The series spends its time showing off dogfights and aerial combat maneuvers, and absurd comedy fills any downtime. Not the “oh, no! He touched my breast! I will now punch him” style of comedy that anime invented in the 70’s and 80’s and perfected in the 90’s, but the far side of bawdy comedy that will get giggles but not eye rolling. The animation and character designs are by one Yuji Moriyama, who worked on Macross Plus, Wings Of Honneamise and, most importantly, my favourite 1980’s anime movie: Project A-Ko. Moriyama just loves the female form and he also likes planes, so really, we know how this show should pan out. The action won’t be up to Top Gun’s level but it takes a decent stab at it. Moriyama does an excellent job at directing, blending the aerial combat sequences with a nice mix of the serious and the casual on the ground. I mean serious in the sense of the crossroads the characters find themselves in, which get resolved too easily for my liking and thereby negates their point, and casual in the sense that nothing is off limits. Threatening to derail the cheesecake and fan service angles is the recurring idea that women in Japan, especially in the military, face a constant glass ceiling. It also touches off the idea that ordinary Japanese people don't like it when their own act worse than the guests. 
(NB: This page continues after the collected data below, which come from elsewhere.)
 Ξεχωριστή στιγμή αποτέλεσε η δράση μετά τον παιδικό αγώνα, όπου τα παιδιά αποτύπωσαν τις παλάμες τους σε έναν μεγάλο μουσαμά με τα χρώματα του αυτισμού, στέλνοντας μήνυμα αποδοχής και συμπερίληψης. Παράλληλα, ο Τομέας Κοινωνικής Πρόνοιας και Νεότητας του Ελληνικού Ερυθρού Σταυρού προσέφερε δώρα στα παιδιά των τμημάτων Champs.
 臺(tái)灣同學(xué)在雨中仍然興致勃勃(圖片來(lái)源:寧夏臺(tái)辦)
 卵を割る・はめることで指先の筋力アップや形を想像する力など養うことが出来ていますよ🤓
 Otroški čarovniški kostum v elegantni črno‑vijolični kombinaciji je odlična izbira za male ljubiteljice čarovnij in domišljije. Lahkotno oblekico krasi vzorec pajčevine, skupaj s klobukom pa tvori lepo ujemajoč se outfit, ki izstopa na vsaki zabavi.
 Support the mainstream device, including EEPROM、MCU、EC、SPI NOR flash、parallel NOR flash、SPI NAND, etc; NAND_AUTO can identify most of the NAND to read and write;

My favourite episodes are the hot springs episode which sets a new record for the most flesh seen outside of an Ikki-Tousen broadcast and the episode where the American combat stunt team comes to compete against the 801st. The amount of casual racism in that one impresses me every time I think about it. From the pidgin English to the all-out insults directed at our amazing Japanese team, it’s a marvel. If the series had less comedy and more serious drama, then I would say it was the airplane version of Patlabor. As it is, Airbats is a curio, and as such, it probably cannot be exploited for more than a great evening or rainy afternoon (although the Ramen episode is excellent enough to be a viewing experience on its own).
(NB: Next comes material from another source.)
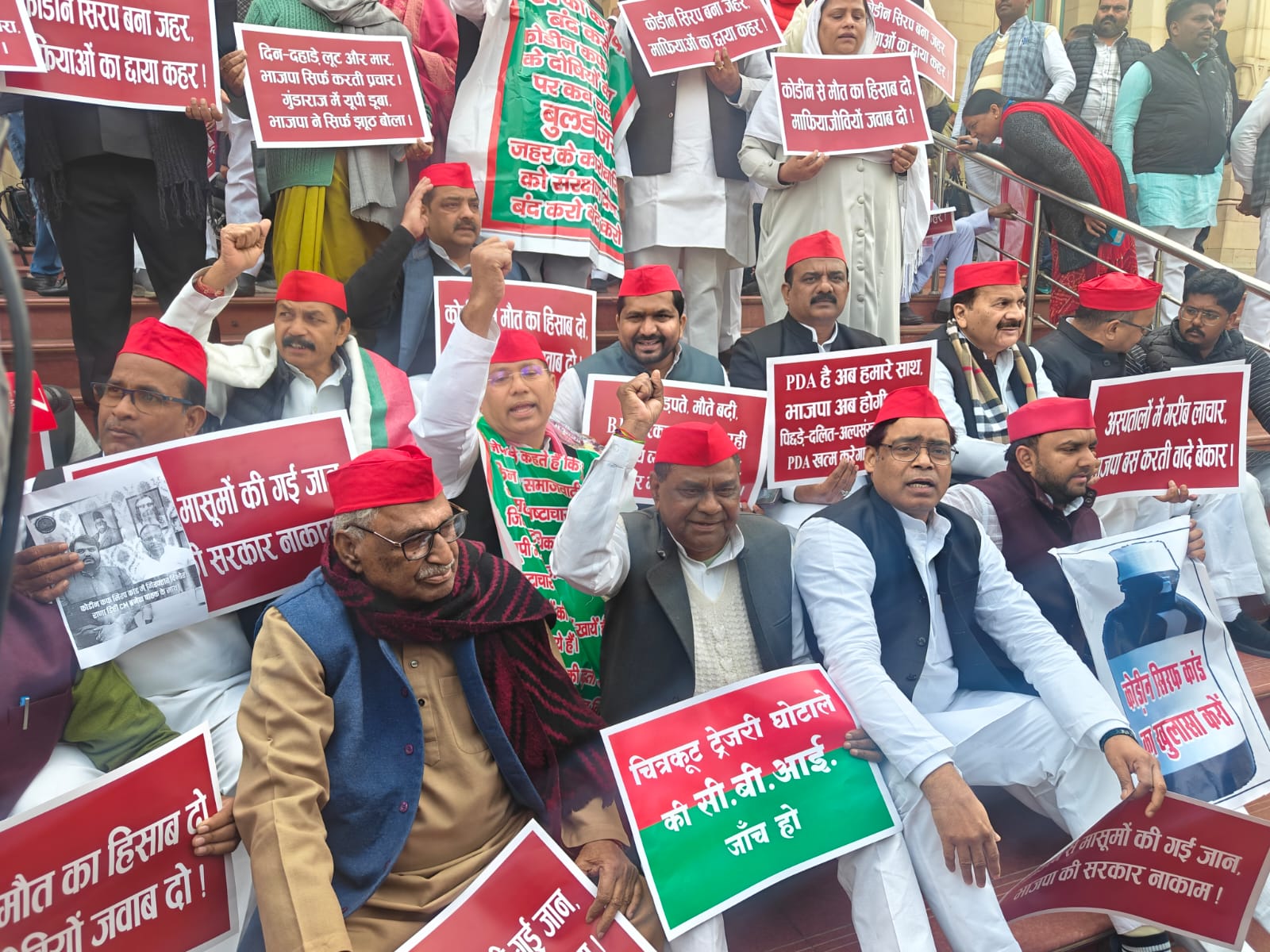 सरकार की जनविरोधी नीतियों के खिलाफ सपा विधायकों का विधानसभा में धरना

Some things I must address about the ADV release from 2002: first of all, ADV must have known having the word TTS in the title would lead to double takes. The original title in Japanese translates as The Blue Sky Girls Squad, so I refuse to believe Matt Greenfield and John Ledford didn’t know what they doing there. Secondly: the dub. Oh My God. This is the most amazing dub I have heard ADV do. On one side, we have Sascha Biesi as Haneda and Stacey Sperling as Mitaka just playing it straight and getting on with it. On the other side, David Arnsberger as Captain Konishi sounds like an East Coast surfer version of Patrick Warburton. He is the highlight of the dub and only equalled by Norio Wakamoto in the Japanese track. Then we have Maxine O as Yoko Shimorenjaku. If it’s possible to find a Texan version of Mister Hanky, they found her. Maxine O’s voice is so shrill and grating that by the end of the series you’ve become numb to the pain. Rewatching it in Japanese, I still hear Maxine O’s version. Amazing, simply amazing. I actually prefer the English dub over the Japanese one. I never thought I would like it that much.
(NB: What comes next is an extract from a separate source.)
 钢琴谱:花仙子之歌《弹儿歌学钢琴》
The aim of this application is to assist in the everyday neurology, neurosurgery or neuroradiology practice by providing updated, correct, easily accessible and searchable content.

The series is one that I've had my eye on for ages. It was actually the first one I imagined would be a perfect fit for this column. Happily, I can say that I was correct. This is a series that was probably popular for five minutes when it was released and then forgotten. It deserves to be found again and maybe even rescued by someone like Discotek or maybe even Sentai. In the end, Airbats should have lead to more material; it’s a shame that it didn’t and that this is all we enjoy. As it is, Airbats can be find on Amazon Marketplace (though I wouldn’t say one price of $159 is worth it) or for small-ish prices. Have a gander, it’s on day release from the Trap Door.